What is needed » Starting at the line that contains "Reproducción de Viñeta", write out every line through the end of the records exactly as it stands, and leave out all pictures.

Raw data »
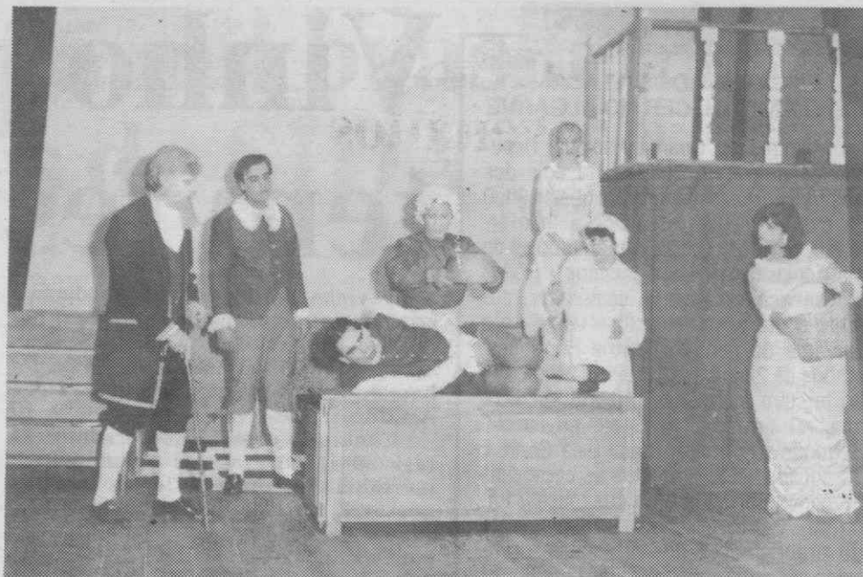
Representação teatral do CITEC no CITEMOR 86.

22h0 — Espectáculo de Teatro «O Soldado Fanfarrão», de Plauto, pelo Grupo de Teatro Amador de Taveiro.
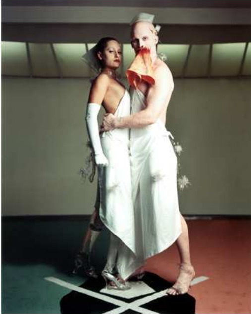
Matthew Barney, The cremaster cycle (1994-2002)

Matthew Barney, venu à l'art après une carrière de sportif de haut niveau et de mannequin, travaille sur les contraintes imposées au corps. Son expérience professionnelle l'a rendu sensible aux notions d'effort, d'accomplissement physique et de performance. Son œuvre travaille aussi les notions de beauté et de monstruosité en interrogeant les normes esthétiques qui régissent notre regard, et notre action, sur le corps. Dans le long cycle de films Cremaster , il met en scène son propre corps, ou celui d'Ursula Andress, en les soumettant à des contraintes qui les transforment en quelque chose d'à la fois fascinant et répugnant.
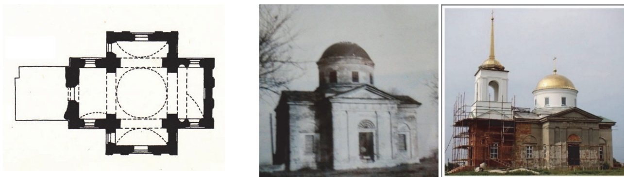
Рис. 1. План і південний фасад Троїцької церкви в Обіточному до і під час реставрації

Початковий план церкви Святої Трійці в Обіточному має компактне рішення у вигляді малого, майже рівнокінцевого хреста. Купол спирається на досить потужні пілони, утворені перетином поздовжніх і поперечних стін. Вівтарна частина прямокутного контуру майже рівновелика притвору. Виступаючі на фасадах прямокутні пілястри під трикутними фронтонами, що утворюють своєрідний плоский портик, додають вигляду храму властиві класицизму строгість і вишуканість.
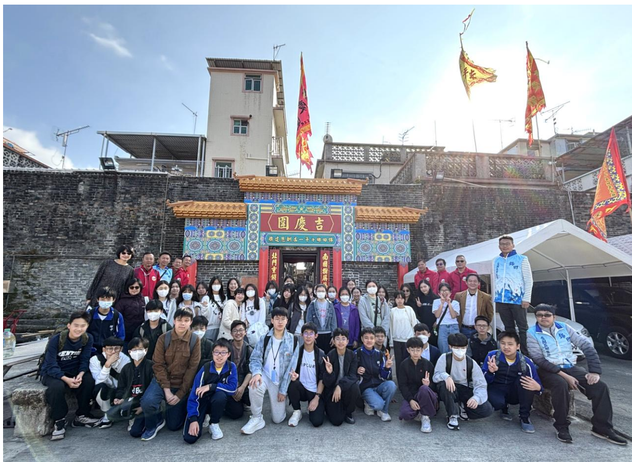
錦田鄉鄉事委員會代表與 2B 班、2D 班同學於吉慶園前合照
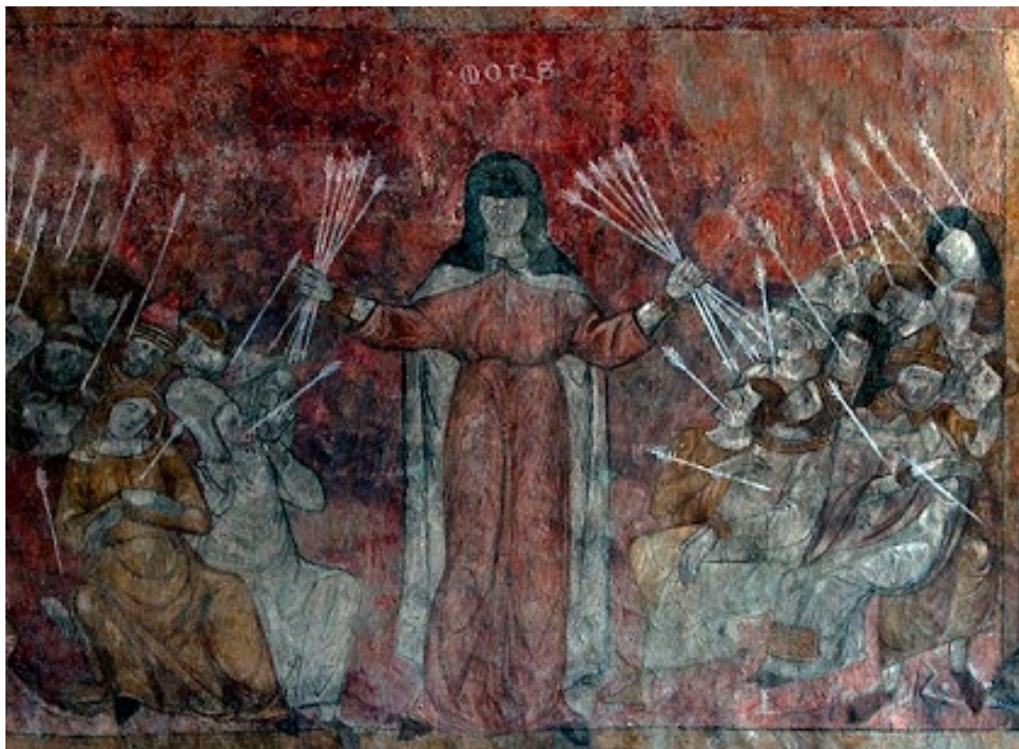
Fig. 1: Afresco na Abadia de Saint-André-de-Lavaudieu, França, século XIV.

em uma coletânea que reúne artigos escritos e/ou publicados de 2015 a 2020, dispersos em anais de congressos ou revistas científicas, textos nem sempre acessíveis a professores, historiadores e teóricos de arte, designers, fotógrafos,
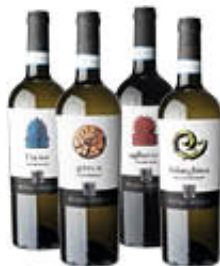
FEUDO DUCALE VINO D.O.P. AGLIANICO/ FALANGHINA/ GRECO/FIANO 75 CL
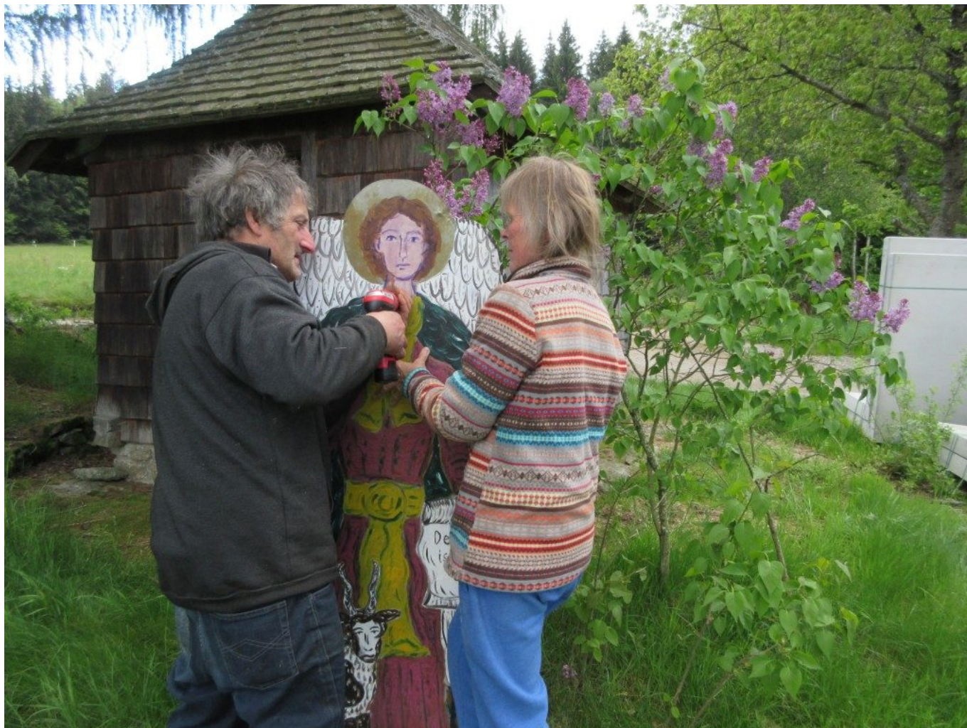
Engelfigur mit Schrauben am Stempfen befestigen. In dieser Arbeit sind sie bereits Profis und ein eingespieltes Team.
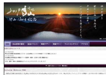
&lt;ぐるっと白山 1300 年特設サイト TOP&gt;

ほか白山開山 1300 年 PR ポスターの制作も行い、既に各所での掲出が始まっています。昭文社ではあらゆる媒体、機会を通じて、白山開山 1300 年記念の各種事業、イベント、観光を盛り上げて参ります。
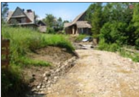
Droga Królewska Góra w Lubomierzu - tak było
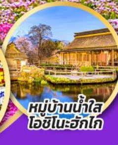
หมู่บ้านน้ำใส โอชิโนะอัทไก
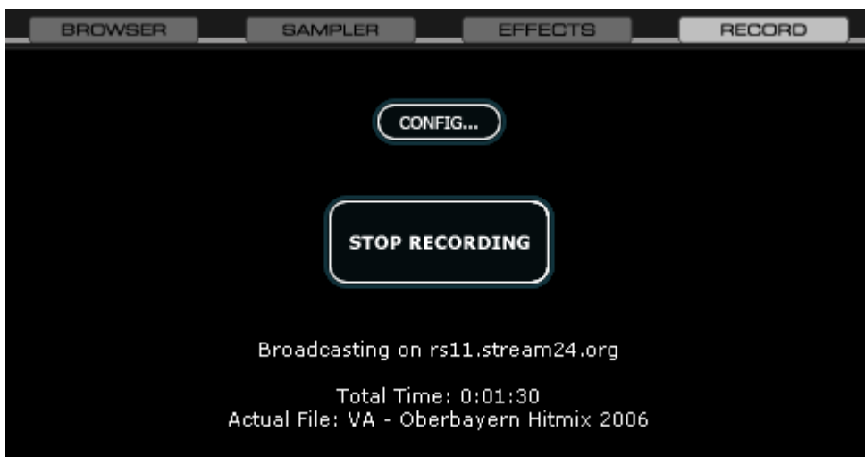
Fig. 6 VirtualDJ Broadcast (recorte)

Dado el caso que la conexión con el servidor streaming haya tenido éxito, podrá ver que el contador empieza contando la duración de la transmisión y los datos transmitidos.
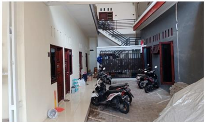
Jl. Keputih Tegal Bakti 1 No. 4
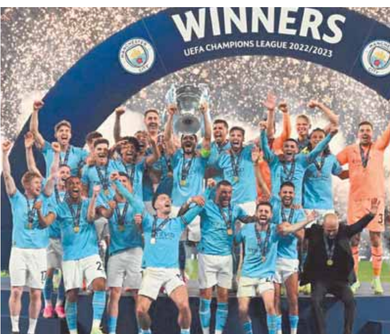
مانشستر سيتي يحصد لقب دوري أبطال أوروبا

وخسر فريق روما أمام نظيره إشبيلية الإسباني في نهائي الدوري الأوروبي، كما خسر فيورنتينا نهائي دوري المؤتمر الأوروبي أمام وست هام يونايتد الإنجليزي، وأخيراً خسر قلب ميلانو أمام بطل البريميرليج، وأكد الإيطالي سيموني إنزاجي مدرب إنتر ميلان، أن فريقه قدم مباراة مثالية رغم الخسارة، ولكننا فخورون بما قدمناه أمام بطل البريميرليج والتشامبيونليج.
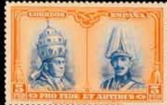
235 - 50 €
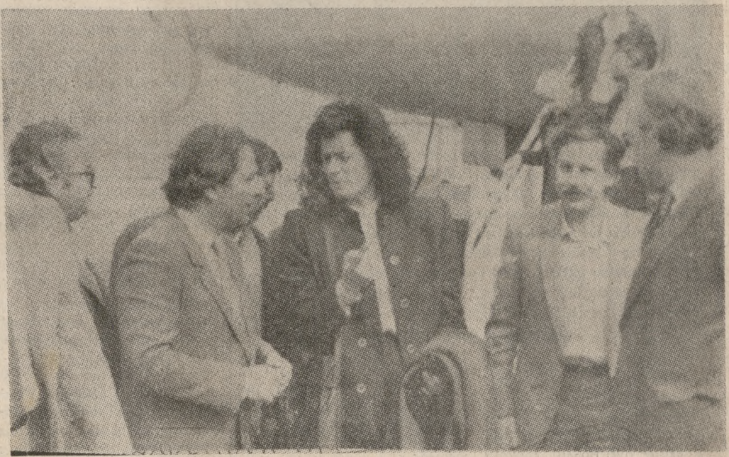
Στην τιμητική από την άφιξη της υπουργού κ. Βάσως Παπανδρέου.

παιδιά που έφθασε στις 10 το πρωί στο Αεροδρόμιο Ηρακλείου συνοδευόμενη από τον βουλευτή κ. Γεώργιο Παράκη και την υποδέχτηκαν ο Νομάρχης κ. Λουκάκης ο Αστ. Διευθυντής κ. Ψαρρούδης ο πρόεδρος της ΠΑΣΕΓΕΣ κ. Σκουλάς, ο Αερολιμενάρχης κ. Καβράκης, εκπρόσωποι του Πανεπιστημίου κ.ά. Επιστρέφοντας από τα Ανόγεια δέχτηκε στις 7 το απόγευμα στο Εμπορικό και Βιομηχανικό Επιμελητήριο εκπροσώπους των φορέων της μετοπισήσης του νομού Εμπορικό Οργανισμό Επιμελητήριο, Βιοτεχνικό, Συνέσθημα Βιομηχάνων ΒΠΠΕ, ΟΕΒΝΗ κ.ά.
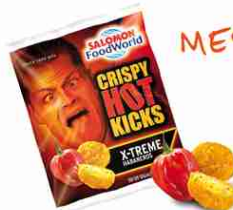
CRISPY HOT KICKS "X-TREME" - HABANEROS Crocchette di formaggio e pezzetti di peperoncino Habanero, SUPER PICCANTI! F -18°C, conf. 1 Kg
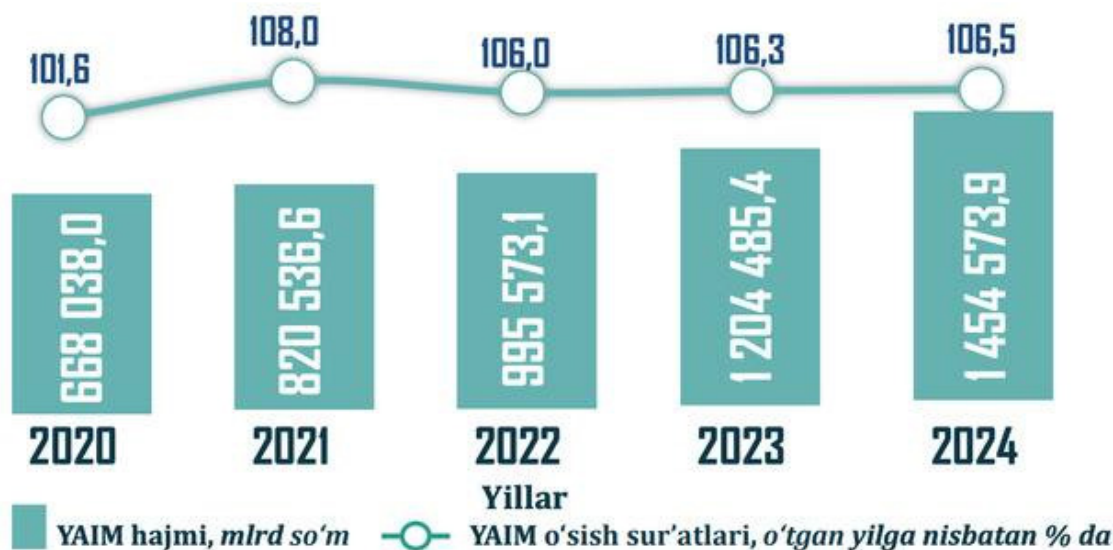
3-rasm. O'zbekiston Respublikasi bo'yicha yalpi ichki mahsulot dinamikasi.

Tadqiqot natijalari norasmiy iqtisodiyot ko'lamini qisqartirish uchun tizimli va muvozanatli yondashuv zarurligini ko'rsatadi. Soliq siyosatini takomillashtirish, biznes yuritishni soddalashtirish, hisob-kitoblar va hujjatlar aylanishini raqamlashtirish, davlat institutlarining shaffofligini oshirish hamda aholining huquqiy savodxonligini yuksaltirish ustuvor yo'nalishlar qatoriga kiradi. Yanada rasmiylashtirilgan iqtisodiyotga o'tish nafaqat nazoratni kuchaytirishni, balki tadbirkorlik faoliyatini ixtiyoriy qonuniylashtirish uchun rag'batlar yaratishni ham talab etadi.
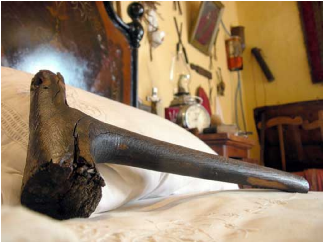
L'esemplare di su mazzolu conservato presso il Museo Galluras a Luras.

Altra pratica dell'accabadora era quella di far spogliare la stanza e il morente di qualsiasi oggetto sacro, medagliette, santini o crocifissi che, attraverso la mediazione e la preghiera dei cari, proteggessero e potessero prolungare il distacco dell'anima dal corpo, motivo per cui essa richiedeva anche che tutti i familiari uscissero dalla stanza. C'è chi legge in questa usanza una contrapposizione palese al cristianesimo. Se dopo queste azioni preliminari la morte non sopraggiungeva, allora e solo dopo aver valutato attentamente le condizioni dell'ammalato, s'accabadora procedeva all'eutanasia. Nella stanza vuota, solo la sacerdotessa della morte e il rendente l'anima al cielo. Erano diverse le modalità che essa poteva utilizzare. Soffocare il moribondo con un cuscino, dargli un colpo secco in un preciso punto del capo, la fronte o la nuca, con una specie di martelletto di legno d'ulivo o d'olivastro ( su mazzolu ), di cui esiste un esemplare conservato presso il Museo etnografico Galluras a Luras, oppure utilizzare il giogo posto sotto la nuca con un colpo che avrebbe dovuto provocare una morte istantanea. È ragionevole pensare che non sempre l'operazione fosse veloce e indolore e che talvolta all'agonizzante sfuggisse un lamento. Ed è probabilmente legato a questa circostanza un detto sardo che suona così: " su ohi de s'accabadore ", cioè "l'ohi provocato dall'accabadora".
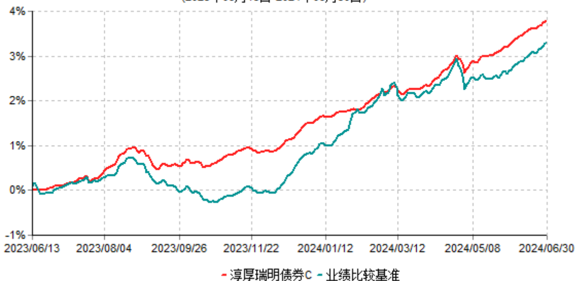
淳厚瑞明债券C累计净值增长率与业绩比较基准收益率历史走势对比图 (2023年06月13日-2024年06月30日)

注：本基金基金合同生效日为2023年06月13日。按基金合同规定，本基金自基金合同生效起6个月内为建仓期。建仓期结束时本基金的各项投资比例均符合基金合同约定。
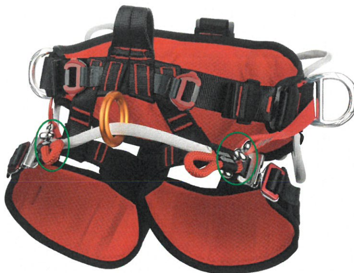
Ref.2163, Tree Access Evo

A ponte de corda no harnês modelo Tree Access Evo (ref.2163) é apertada através de anéis de metal com fecho de parafusos. Os parafusos permitem ao utilizador substituir a ponte de corda em caso de desgaste. Ver imagem abaixo.
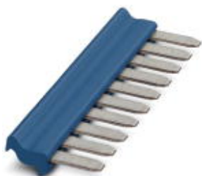
插拔式桥接件， 针距: 5.2 mm， 位数: 10， 颜色: 蓝色

Please be informed that the data shown in this PDF Document is generated from our Online Catalog. Please find the complete data in the user's documentation. Our General Terms of Use for Downloads are valid ( http://download.phoenixcontact.com )
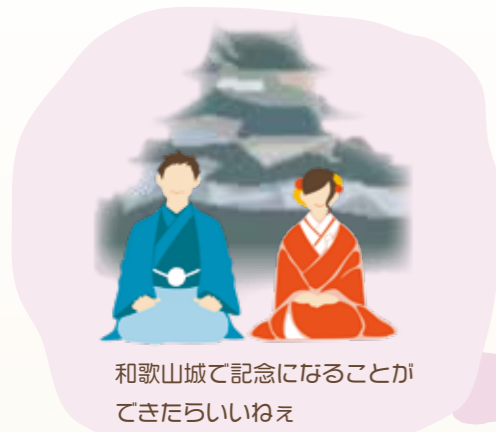
和歌山城で記念になることができたらいいねえ
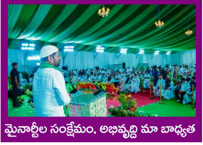
మైనార్టీల సంక్షేమం, అభివృద్ధి మా బాధ్యత

PUBLISHED FROM HYDERABAD CIRCULATED BY RANGAREDDY, NALGONDA, KHAMMAM, KARIMNAGAR, WARANGAL, MAHABOONAGAR, MEDAK, NIZAMABAD, ADILABAD
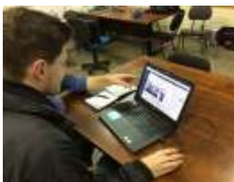
Figura 03 - Troca de conhecimento entre docente e discente.
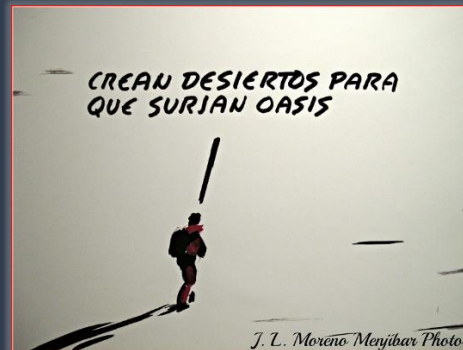
Reproducción de Viñeta de "El Roto" – C.A.C.
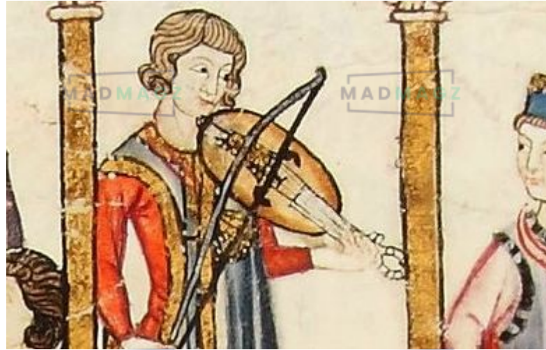
Un joueur de vièle, enluminure, XIIIe siècle

Finished task »
Reproducción de Viñeta de "El Roto" – C.A.C.
Un joueur de vièle, enluminure, XIIIe siècle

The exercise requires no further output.